01. Mensonges
02. Sentez cette merde (je suis tiré)
03. Juste un rat
04. Chanté
05. Les doutes et la peur
06. Dolores
07. Pas de miséricorde pas de pardon
08. Utilisé et maltraité
09. Ne meurez jamais une seule fois
10 Savage New Times
Avec l’avantage du recul, beaucoup plus de bruit auraient dû être faits INCITER au fil des ans. Formé à Phoenix, en Arizona, il y a un peu plus de 20 ans, Richie CavaleraL’équipage a été une présence persistante et sans compromis, avec un catalogue croissant de records brutaux et à haut octane et une formidable réputation en tant que groupe live explosif.
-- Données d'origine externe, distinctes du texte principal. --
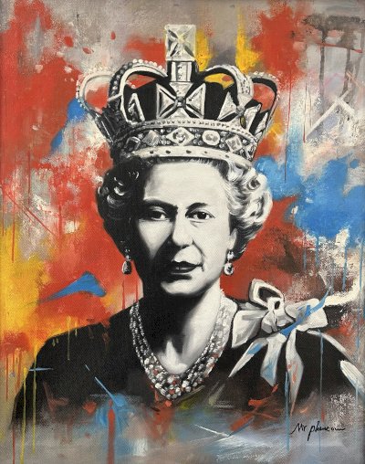 From the "Reign of Hearts" collection, this artwork juxtaposes the stoic, timeless image of a queen against a backdrop that dissolves into chaos. The vibrant red surrounding her symbolizes a reign marked by the passion and strife inherent in power. This piece might reflect on the enduring nature of leadership and its influence on the hearts of a nation. The dripping paint serves as a metaphor for the turbulent emotions a ruler must navigate, all while upholding the composure and dignity that the crown demands.

À sa surface, « Savage New Times » sera simplement le prochain dans une longue lignée d’albums qui ont volé sous le radar, mais tout comme 2022 « Réveille-toi mort » Il a semblé accélérer l’élan vers l’avant du groupe, donc cette nouvelle collection d’hymnes de débarquement du cou semble sûr de faire de même.
INCITERLe mélange de marques de fabrique de thrash barbares, de hardcore en béton et, à l’occasion, hoche la tête Cavalera L’héritage est toujours aussi frais que lorsqu’ils ont sorti 2009 « Le massacre ». « Savage New Times » est un record beaucoup plus important, avec une production écrasante et de pointe et aucune des rayures à faible budget qui ont affecté les albums antérieurs. De plus, INCITER ont clairement connu une augmentation de la confiance de l’écriture de chansons, car ce sont quelques-uns des morceaux les plus lourds qu’ils aient jamais sortis.
C’est aussi le record le plus en colère Cavalera a jamais fait. De l’explosion d’ouverture de « Mensonges » Il est évident que certains effondrements émotionnels de la gorge se déroulent, et il y a plusieurs moments qui soutiennent l’idée que INCITER deviennent plus lourds et plus extrêmes au fil des années. Premier single « Pas de miséricorde pas de pardon » Les sons stratégiquement conçus pour inciter la violence, et les larmes à un rythme haletant, les riffs et la polémique entrant en collision en union mécaniste parfaite. « Juste un rat » est une histoire amère de trahison et de cupidité qui se déroule sur des riffs incroyablement musclés et une agression aux yeux nords. Les horreurs à combustion lente de « Dolores » déplier sur six minutes de boues scurriles et de syncope meurtrière, toutes lourdes de mélancolie; Et plus court, plus net et plus net au globe oculaire comme « Sentez cette merde (je suis tiré) » et blitzkrieg en métal-punk de« Chucked » sont snotty, thrashy et totalement militants dans leur désir de casser les choses. Les racines de Thrash sont clairement audibles au maximum le long du chemin maisINCITER ont rasé tous les garnitures étrangères et réduit le genre à un barrage de bile surment et focalisé myope.Cavaleraqui a dirigé ce groupe avec Guile dès le début, n’a jamais semblé plus engagé. Conformément, son groupe n’a jamais semblé plus convaincant.
Quelques écarts par rapport au point de norme punitif à de nouvelles évolutions possibles.« Jamais mourir une fois » a la sensation angulaire et monochrome de la durée du champ gauche, des nuances deFugazi suintant des riffs en lambeaux et des rainures de broyage et balayées. De la même manière,« Doubts et la peur » Dabble dans des humeurs plus cérébrales et déverrouille une obscurité quiINCITER n’ont fait allusion qu’auparavant, tout en évoquant le thrash moderne élevéEXODE. Pendant ce temps, la piste de titre de clôture adopte l’approche directe, secouant comme un mastodonte de métal rapides avec un moteur en métal brillant et brillant,CavaleraLes barbes aboyaient des barbes qui pleuvent comme des éclats d’obus. Savage est à peu près correct.
D’une manière ou d’une autre,INCITER vont briser quelques visages avec leur septième album studio. S’il y a une justice, ils se frayeront un chemin vers une position plus privilégiée dans la hiérarchie des métaux, car il s’agit d’un affichage impressionnant de viscères et de vitalité.